A pose dos homens infames
FOTOGRAMAS
A 23 de março de 1886, um grupo de seis homens posou no estúdio da Photographia Vicente para tirar um retato. A pose do conjunto é divertida, algo jocosa, quer na eventual pretensão irónica de uma solenidade, quer na assumida nonchalance “descomposta” do sujeito sentado no chão, que desse modo quase contrasta com a maior sobriedade do homem do chapéu de coco. Baseando-se no livro do fotógrafo e no envelope onde originalmente se guardou o negativo, as pesquisas levadas a cabo sobre a imagem informam tratar-se de um grupo de nacionalidade inglesa que terá sido levado ao estúdio por um indivíduo chamado Francisco, anotando-se ainda entre parêntesis “Bombite” ou “Bombito” e rua das Medinas. A mesma pesquisa avança a possibilidade de “Bombito(e)” referir-se à prática do bombote a partir do inglês “bumboat”, associado às vendas ambulantes e prestação de outros serviços na baía do Funchal, através de uma embarcação a remos que ia ao encontro dos navios que aí aportavam. O tal Francisco seria o dito bomboteiro e organizador da sessão fotográfica. Já a referência à rua das Medinas estaria eventualmente associada às casas de tolerância, (ou bordéis), deste modo designadas por a prostituição feminina então não ser legal mas tolerada pelo Estado, e sujeita a regulamentos e inspeções sanitárias.
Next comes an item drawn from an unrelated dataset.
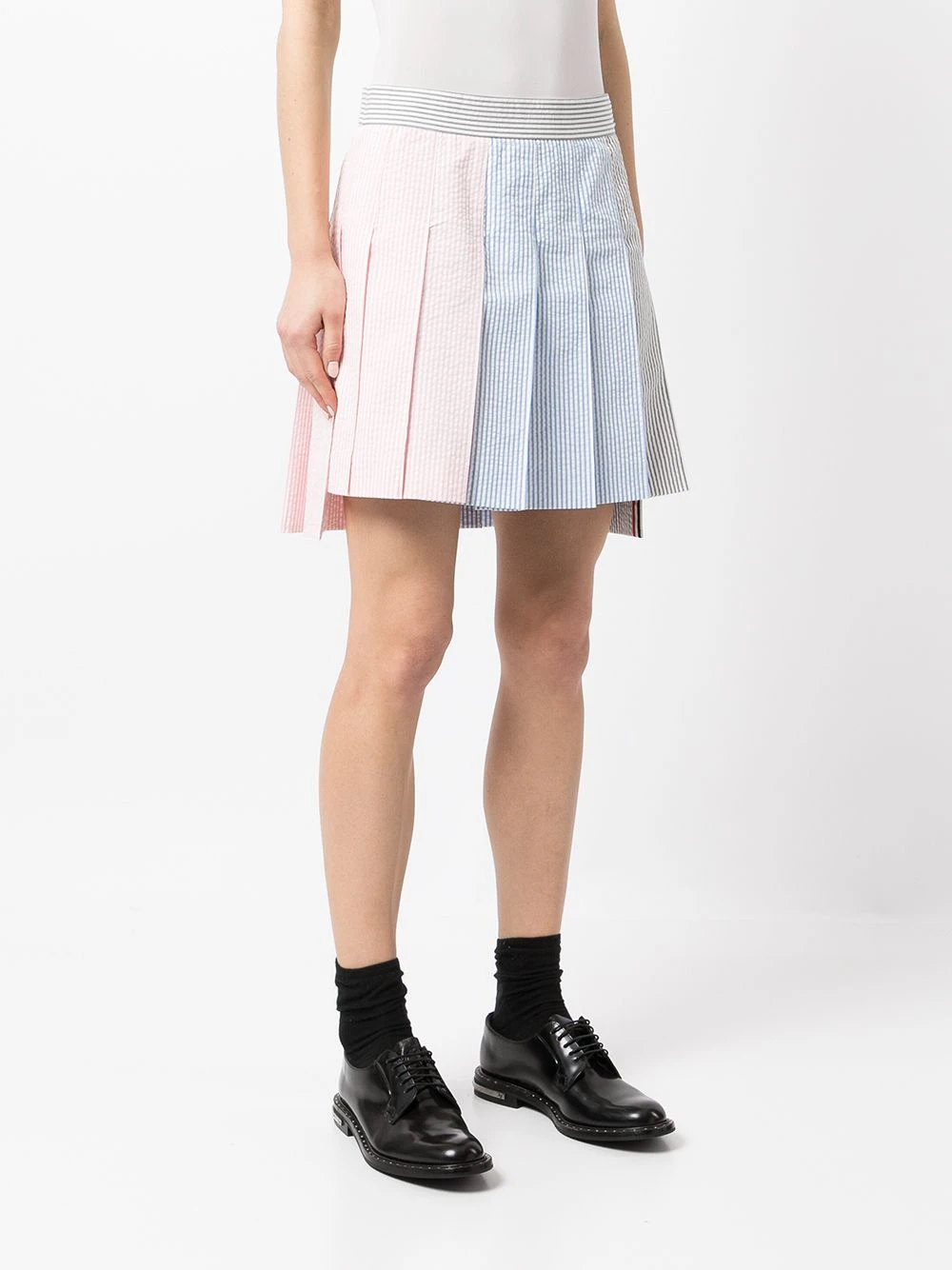 Multicolour panels add a playful touch to this pleated skirt from Thom Browne. This cheerful look is further enhanced by the piece’s all-over striped print.

Num artigo amplamento documentado em fontes e que data de 2015, “Corpo(s) Público(s): notas sobre a prostituição (feminina) na cidade do Funchal”, Graça Alves – professora, investigadora e desde 2020 Diretora dos Serviços de Museus e Centros Culturais –, afirma precisamente que “ao longo do século XVIII, com a cidade do Funchal cada vez mais aberta ao mundo, a prostituição aumenta. Há, então, algum cuidado na delimitação das ruas públicas, sempre muito concorridas, numa cidade muito frequentada por marinheiros. Não sendo exclusiva da cidade, era, porém, na baixa, que mais prostitutas se encontravam, sobretudo nas ruas «da área do calhau».”
Aí, sublinha ainda a necessidade do Estado oitocentista de disciplinar a prática das prostitutas, de as quantificar e inspecionar, de “limitar a sua movimentação nas ruas da cidade”, obrigando-as a matricular-se. E refere-se à ténue linha “que separa o condenável do tolerável, sobretudo porque muitas práticas, onde se inclui a prostituição, eram apenas condenadas quando ganhavam visibilidade. A tolerância social e a própria igreja – cujo papel era extremamente importante na sociedade – acabavam por «fechar os olhos» para um «pecado» considerado «necessário» para a sociedade patriarcal e para o ideal de família.”
Desconheço se no imenso espólio de imagens provenientes das casas fotográficas comerciais madeirenses existem declaradamente retratos em estúdio de prostitutas. Mas desconfio que não, obviamente por a prostituição não constituir prática que merecesse uma visibilidade ao nível do “fazer parecer” do estúdio fotográfico. Merecia-a, contudo, enquanto prática de controlo para o poder, e nesse sentido é sintomático que a pesquisa de Graça Alves tenha precisamente identificado fotos de identificação de prostitutas nos livros de matrículas que regulamentam a profissão na região – embora a autora assinale que muitos desses retratos desapareceram, tendo “sido descolados ou cortados” (talvez, precisamente, quando saíram de uma esfera apenas estritamente regulamentar?).
O filósofo francês Michel Foucault assinala num curto texto intitulado “A vida dos homens infames” – provavelmente inspirado, até por contraste, nas personagens intrépidas de História Universal da Infâmia do escritor Jorge Luís Borges –, que “a partir do século XVII, o Ocidente viu nascer toda uma «fábula» da vida obscura” nascendo uma “arte da linguagem” que por parte de diversos poderes visa “fazer aparecer o que não aparece”, e que “ela permanece o discurso da «infâmia»: cabe a ela dizer o mais indizível – o pior, o mais secreto, o mais intolerável, o descarado”. Uma tentativa pois de pôr o obsceno (o que até então estava em fora de cena) em cena para melhor o domesticar.
A infâmia, seja lá o que isso é, reside assim numa tensão entre invisibilidade tácita e visibilidade restrita, esta última tornando-se expressiva quando aquela se torna objeto de controlo através discurso e/ou imagem por parte do poder.
Ana Gandum
com a colaboração do Museu de Fotografia da Madeira – Atelier Vicente’s.